Optional components include:

  • feature.ann: A matrix/data frame of feature annotations (e.g., taxonomy)

  • tree: A phylogenetic tree object (class "phylo")

  • feature.agg.list: Pre-aggregated feature tables by taxonomy

Data objects can be created using converters like mStat_convert_phyloseq_to_data_obj or importers like mStat_import_qiime2_as_data_obj.

alpha.obj

A list containing pre-calculated alpha diversity indices. If NULL and alpha diversity is needed, it will be calculated automatically. Names should match the alpha.name parameter (e.g., "shannon", "simpson"). See mStat_calculate_alpha_diversity.

alpha.name

Character vector specifying which alpha diversity indices to analyze. Options include:

  • "shannon": Shannon diversity index

  • "simpson": Simpson diversity index

  • "observed_species": Observed species richness

  • "chao1": Chao1 richness estimator

  • "ace": ACE richness estimator

  • "pielou": Pielou's evenness

depth

Numeric value or NULL. Rarefaction depth for diversity calculations. If NULL, uses minimum sample depth or no rarefaction.

time.var

Character string specifying the column name in meta.dat containing the time variable. Required for longitudinal and paired analyses. Should be a factor or character with meaningful time point labels.

t.level

Character string specifying the time level/value to subset data to, if a time variable is provided. Default NULL does not subset data.

group.var

Character string specifying the column name in meta.dat containing the grouping variable (e.g., treatment, condition, phenotype). Used for between-group comparisons.

strata.var

Character string specifying the column name in meta.dat for stratification. When provided, analyses and visualizations will be performed separately within each stratum (e.g., by site, batch, or sex).

adj.vars

Character vector specifying column names in meta.dat to be used as covariates for adjustment in statistical models. These variables will be included as fixed effects.

base.size

Numeric value specifying the base font size for plot text elements. Default is typically 16.

theme.choice

Character string specifying the ggplot2 theme to use. Options include:

  • "bw": Black and white theme (theme_bw)
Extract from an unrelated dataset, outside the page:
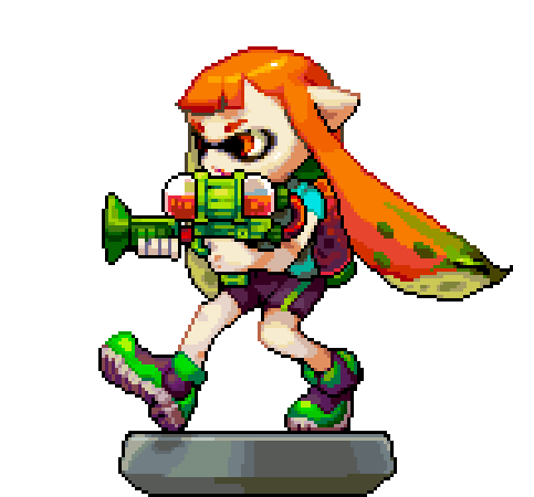 A vibrant pixel art sticker of an Inkling from Nintendo's Splatoon, ready for action with a water gun.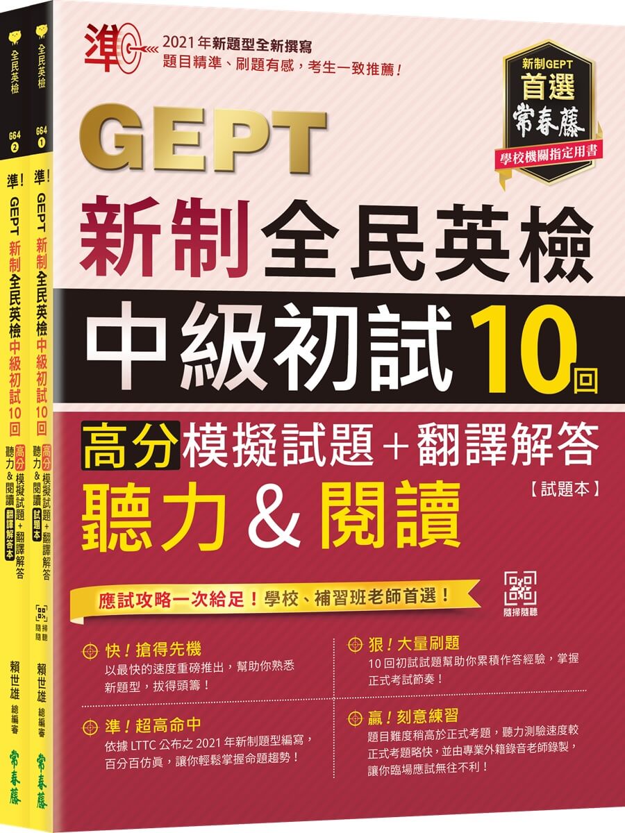 準!GEPT新制全民英檢中級初試10回高分模擬試題+翻譯解答

  • "classic": Classic theme (theme_classic)

  • "minimal": Minimal theme (theme_minimal)

  • "prism": GraphPad Prism-like theme

  • "nature": Nature journal style

  • "light": Light theme (theme_light)

Can also use a custom ggplot2 theme object via custom.theme.

custom.theme

A custom ggplot2 theme object to override theme.choice. Should be created using ggplot2::theme() or a complete theme function.

palette

Character vector of colors or a named palette for the plot. If NULL, uses default MicrobiomeStat color scheme. Can be:

  • A vector of color codes (e.g., c("#E41A1C", "#377EB8"))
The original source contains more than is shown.